DATASET EXCERPTS →

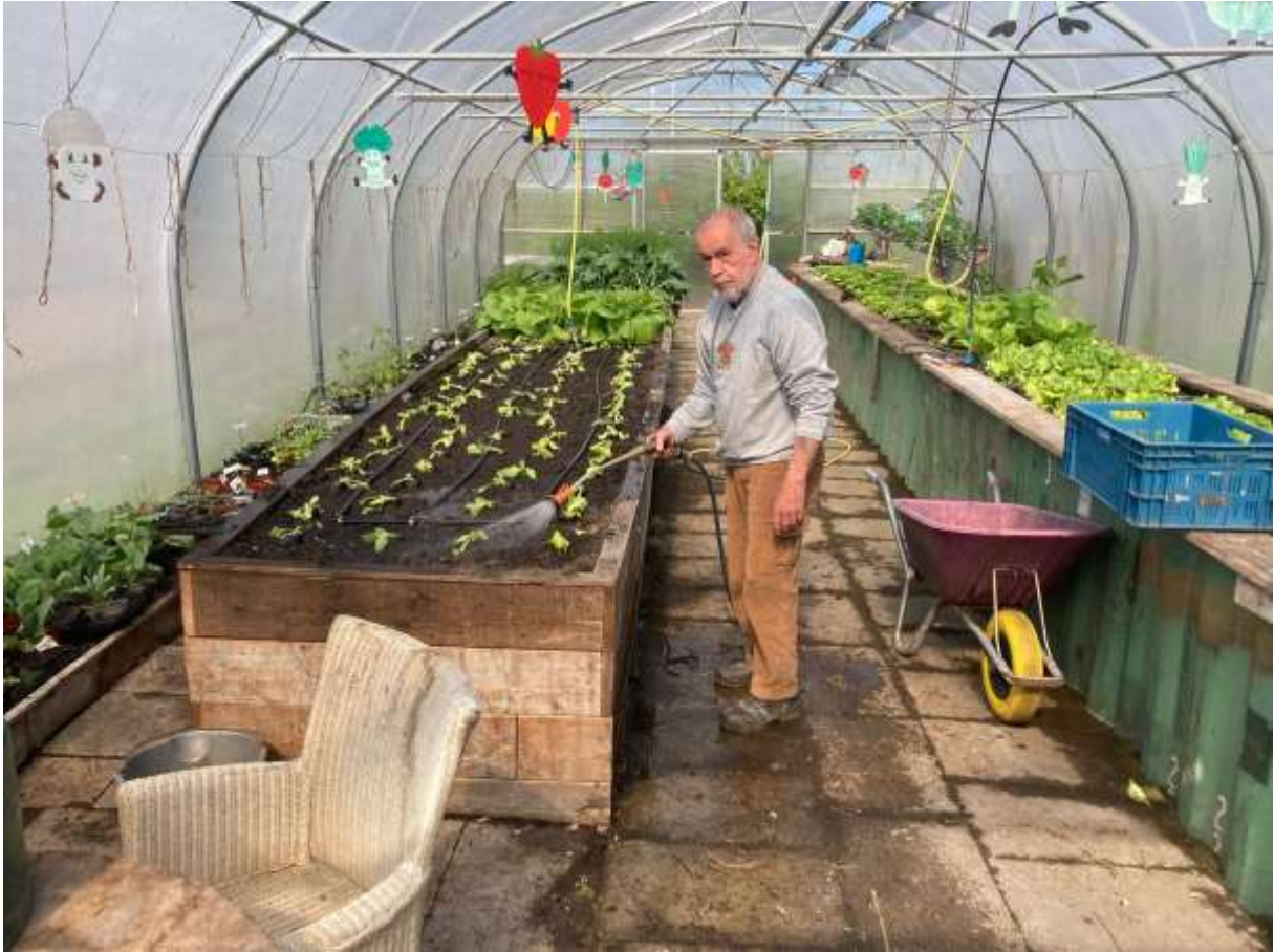
De nieuwe plantjes zijn geplant en hebben water.
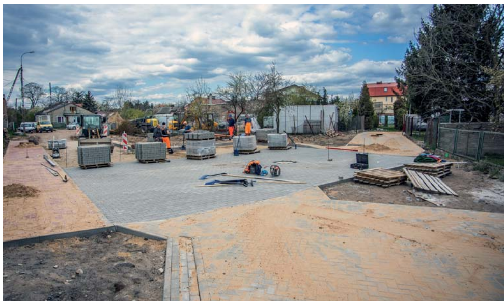
Nawierzchnia sięgacza ul. Okopowej będzie zbudowana z kostki polbrukowej

W tym czasie w sięgaczu, który liczy sobie 165 metrów długości, powstanie kanalizacja deszczowa i sanitarna, nowa nawierzchnia z kostki polbrukowej i chodnik (ze względu na brak miejsca i osiedlowy charakter ulicy będzie tylko po jednej stronie). Na końcu sięgacza zbudujemy plac do zawracania. Tam, gdzie to możliwe, założymy trawniki. Koszt budowy sięgacza wynosi prawie 900 tys. zł.
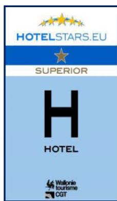
1 ster SUPERIOR
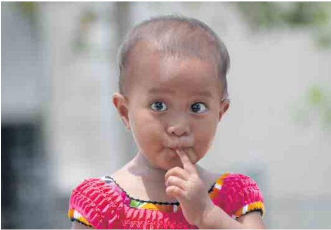
Kind auf Kiribati
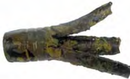
Versenkte Geschossüberreste vom Explosionsunglück Mitholz.

versenkte Munition zurückzuführen wären. An rund 20 Standorten wurden bis zu einem Meter lange Bohrkern aus dem Sediment entnommen und auf Sprengstoffe und Schwermetalle untersucht. In keinem davon wurden Sprengstoffe oder Abbauprodukte davon nachgewiesen. Die Schwermetallgehalte liegen im Bereich der natürlichen Belastung. Einzig in Sedimenten des Thunersees wurden in einer klar definierten Bodenschicht Spuren von Diphenylamin (DPA) festgestellt, ein Stoff, der als Stabilisator von Treibladungen eingesetzt wird. Alles deutet darauf hin, dass dieser Stoff aus der ehemaligen Eidg. Pulverfabrik Wimmis in den Thunersee gelangt ist.
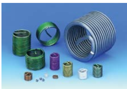
HELICOIL® plus menetbetétek
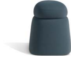
▲ GIZMO (pages 12, 13)
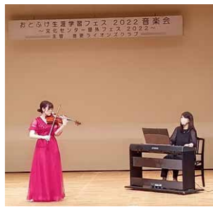
「おとふけ生涯学習フェス2022」の音楽会で演奏しました
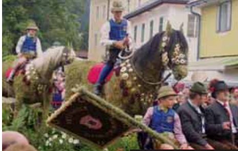
Festival sena v Lammertalu
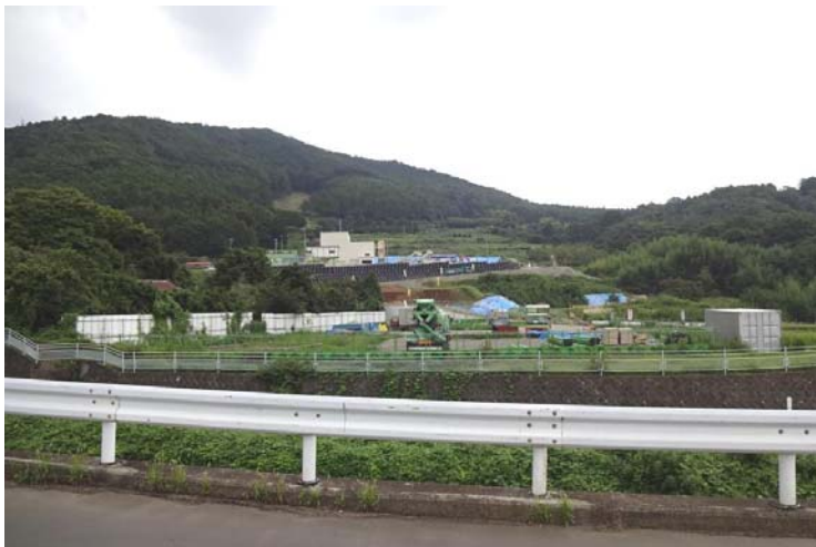
三角山（菜の花台）下に第二東名の トンネルを掘っている最中だった
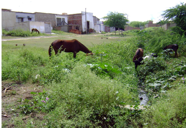
Imagem 01: Espaço utilizado por crianças para brincar

A Unidade Básica de Saúde da Família, quando os pesquisadores foram a campo estava passando por reforma e funcionando temporariamente em uma sala da SAB. O PSF tem sua participação no lazer da comunidade, como coloca Yara Carvalho (2008, p.113):
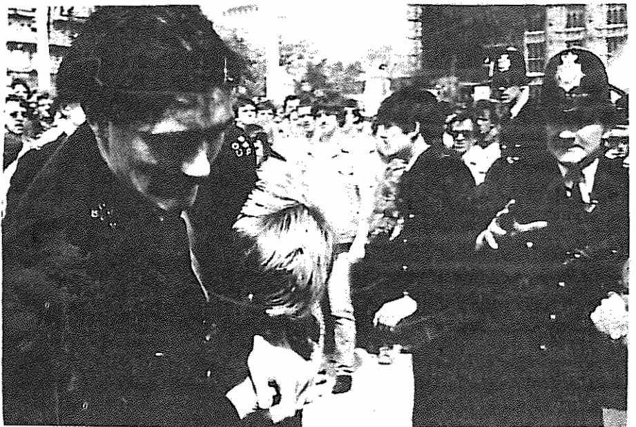
پلیس انگلستان در حال دستگیر کردن یکی از معدنچیان اعتصابی

پشتیبانی TUC از معدنچیان، پیروزی بزرگی برای کارگران اعتصابی و کل طبقه کارگر بریتانیا و ضربه مهمی به قوانین ضد کارگری و ضد اتحادیه‌ای دولت محافظه کار می باشد. حزب کمونیست بریتانیا به دنبال اعلام پشتیبانی TUC لزانین تصمیم استقبال نمود و خواستار آن شد که قطعنامه اتحادیه شوراهای کارگری بریتانیا در باره اعتصاب معدنچیان، با آکسیونهای مختلفی در سراسر کشور، به موقدا اجرا گذاشته شود. از نظر حزب کمونیست، "این قطعنامه بیش از پیش در توده‌های شدن اعتصاب معدنچیان، جسمی و کما مالی برای خانواده آنها و قطع رساندن زغال سنگ به مناطق صنعتی، موثر خواهد بود."
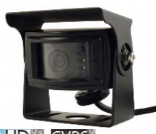
AHD NTSC, 130° 9 LEDs, IP69
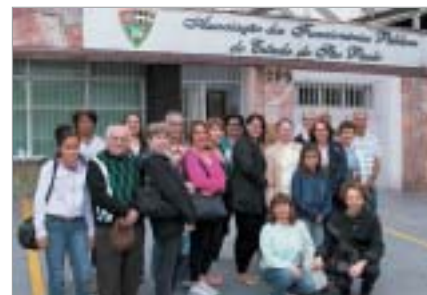
São Bernardo do Campo: excursão à Holambra.
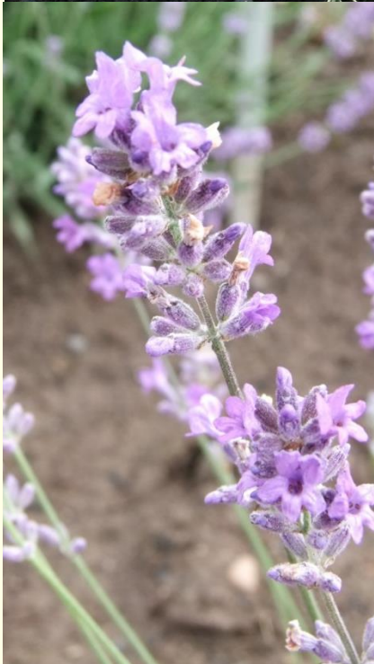
Lavandula angustifolia 'Folgate'
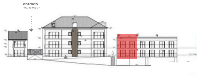
SO - Tardoz SW - Back View
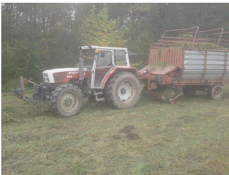
Slika 7. Sjenaža na istraživanom OPG-u
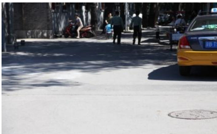
图 5 原李广桥旧址（2015 年摄）

从现在的地图上，已经看不到李广桥、李广桥斜街，最显眼的是曾经的李广宅院、现在的京城旅游景点——恭王府。（图 4）走在这里，周围是喧闹的人流和叮叮当当的人力车在招揽胡同游生意，而历史，就被踩在人们的脚下。（图 5）
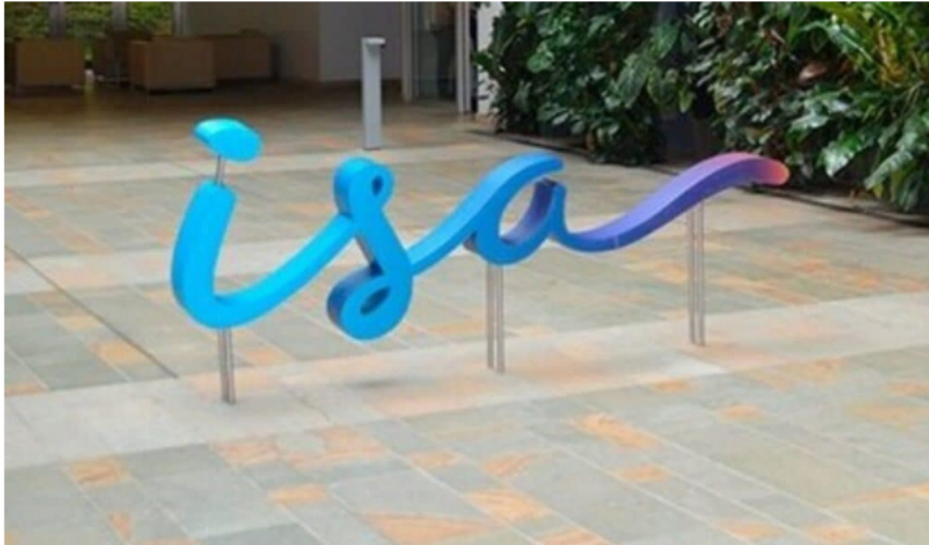
Resultados de ISA.
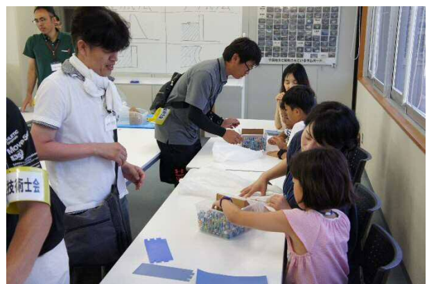
【写真6 ダム模型作成】

WORK INSTRUCTION →
What's needed is an exact copy of the records above from the line containing "Kind auf Kiribati" down to the line containing "Versenkte Geschossüberreste vom", both included, without any pictures.

ANSWER BOX →
Kind auf Kiribati
Versenkte Geschossüberreste vom Explosionsunglück Mitholz.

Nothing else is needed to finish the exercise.